Hello! My name’s Dolan, and I’m in my second semester at Brown, having transferred in as a sophomore last fall. I’m happy to offer insights gathered from my time here in Second Time Around, in the form of stories of varying degrees of coherence. So, if you please, read ahead!
There’s something about exiting the Rock on a winter night. The breeze brushes against your face. Then it vanishes, leaving nothing but a sting that lingers on the lips like a one-night-stand that generates a lifetime of “what ifs?” University Hall peeks out over a thicket of trees; on the pavement, its spotlights cast skeleton fingers from their naked branches. But the mood that the shadows create is more Disney than Romero: their movements add a certain liveliness to an otherwise quiet landscape. It occurs to you that some of the buildings that surround you predate the country, and suddenly the econ midterm that you’d been stressing about seems small in comparison.

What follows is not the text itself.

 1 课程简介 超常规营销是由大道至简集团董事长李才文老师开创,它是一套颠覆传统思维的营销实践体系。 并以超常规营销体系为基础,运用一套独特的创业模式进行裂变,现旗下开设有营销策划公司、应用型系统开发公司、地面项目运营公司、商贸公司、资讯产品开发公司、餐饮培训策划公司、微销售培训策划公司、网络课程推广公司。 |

Turning the corner as you head up the hill, you spot a woman walking her dog. Closer inspection reveals it to be a corgi, and, at the sight, the Cowboy Bebop lover locked in your tenth grade memories bursts free…until apprehended by your anti-weeaboo convictions. Yet, as Mitt “Binders Full of Women” Romney knows well, a split second was enough for the damage to be done: thus begins a fit of wallowing in your lack of animal companionship. Yes, you think to yourself, you’ve adjusted pretty well to life at Brown. You’ve avoided floorcest as if it were the chicken at Jo’s, and, although a few of the friends from your previous school will probably stick with you like plaque in your arteries, you’ve managed to replace them. However, you can’t really substitute new friends for a pet (at least not in most social circles). Hence, you glare at the dog-walker with a jealousy unknown to all else but Mariah Carey as Ariana Grande absorbs her powers.

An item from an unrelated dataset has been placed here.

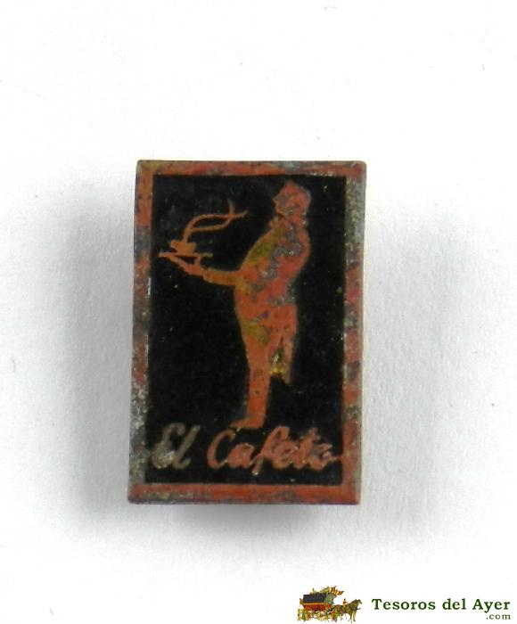 INSIGNIA DE SOLAPA ESMALTADA, PUBLICIDAD DE CAFÉS EL CAFETO, CAFÉ, MALTA, CHOCOLATES, MIDE 2 CMS.

You swipe into your dorm. The hallway is empty, and you are concerned: after all, it’s midnight on a Friday. You’re having serious déjà vu back to the mountain pass scene from Mulan, and expect a Hun invasion at any moment. Then, it dawns on you: your floor consists of STEM majors, whose indentured servitude to the SciLi won’t be up for another three hours. You spy an opportunity to revel in your status as a humanities concentrator. Given that, three years from now, you’ll probably be making less money than you would have had you answered the email from that Nigerian prince, you grab onto that shitake quicker than if it were glazed with General Tso’s sauce and offered to you by a Panda Express worker.
Unlocking your door, you are surprised by a light emanating from the top of your desk. Immediately, you wonder if that guy from the History Channel was right about aliens, and resign yourself to having your innards probed by an extraterrestrial. Wait, that’s not much different from an average weekend. Selah.
Also, that mysterious glow is nothing but an aquarium. But why, you wonder, is there an–
With a cloud of dust and a thud, I come Shawshank Redemption-ing through your wall. This time, you don’t even bother to ask what I’m doing here: everything that you thought you knew of reality is shattering, and, like a Detroit Lions fan in the last game of the ’08 season, all you can do is watch.
“Evening!” I say, as I make my way toward the tank on your desk. “I’ll bet you’re wondering how this got here.”
You shake your head “yes” with the enthusiasm of a draftee.
“Well, I couldn’t help but notice your pet situation– or lack thereof. So, although animals aren’t generally allowed in the residence halls, I figured I’d take advantage of a little loophole that allows students to keep any one of God’s creatures that they want, as long as it fits comfortably in a 10-gallon tank…without drowning. The end product: your very own axolotl!”
You shift your gaze to the aquarium. A sausage-shaped creature with the complexion of a corpse and gills reminiscent of tonsils infected with mono meets your eyes. Opening its mouth, it sucks up a worm floating above its head. Disney’s “Circle of Life” plays in the room next-door. All is right with the world.